→ Input data
((

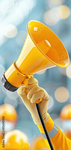 A bright yellow megaphone held high, ideal for announcements or calls to action in various environments.
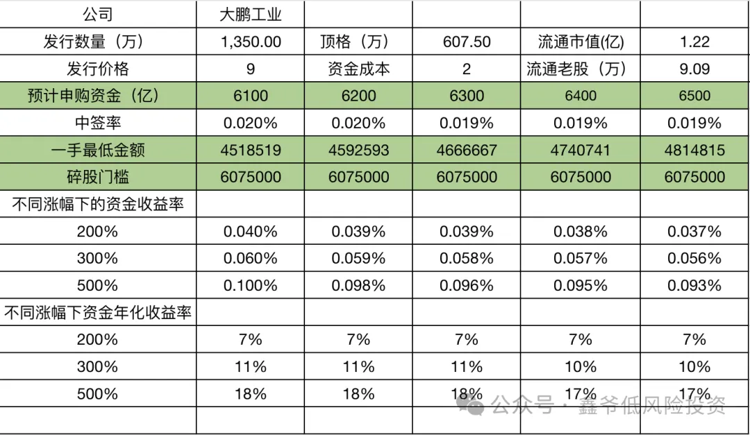 本文包括:大鹏工业的申购分析结论、发行情况、公司简介、业绩情况、预计中签金额和碎股金额估算。关注作者获得专业及时的北交所新股分析。
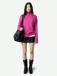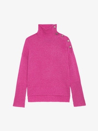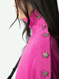Fuchsia pink cashmere sweater with funnel neck and diamante star buttons on the shoulder. Description & details - Women's Clematis fuchsia pink cashmere sweater - Funnel neck and diamante star button fastening on shoulder - Long sleeves, holes for thumbs and ribbed edges - Pointelle ZV signature Model is 178 cm / 5' 10" and is wearing a size S This item is true to size. We recommend buying your usual size. Composition 85% Cashmere 10% Polyester 5% Metallic fiber Care - Hand-wash or machine-wash on a 20°C wool cycle with a maximum spin speed of 400 rpm - Do not wring - Air dry flat - Iron inside out at a maximum of 110°C, avoiding any customised details Product code: KWSW01645_CLEMATIS

))

→ What this task involves
The whole listing above must be set down again exactly, but without its images.

→ Finished exercise
 A bright yellow megaphone held high, ideal for announcements or calls to action in various environments.
 本文包括:大鹏工业的申购分析结论、发行情况、公司简介、业绩情况、预计中签金额和碎股金额估算。关注作者获得专业及时的北交所新股分析。
Fuchsia pink cashmere sweater with funnel neck and diamante star buttons on the shoulder. Description & details - Women's Clematis fuchsia pink cashmere sweater - Funnel neck and diamante star button fastening on shoulder - Long sleeves, holes for thumbs and ribbed edges - Pointelle ZV signature Model is 178 cm / 5' 10" and is wearing a size S This item is true to size. We recommend buying your usual size. Composition 85% Cashmere 10% Polyester 5% Metallic fiber Care - Hand-wash or machine-wash on a 20°C wool cycle with a maximum spin speed of 400 rpm - Do not wring - Air dry flat - Iron inside out at a maximum of 110°C, avoiding any customised details Product code: KWSW01645_CLEMATIS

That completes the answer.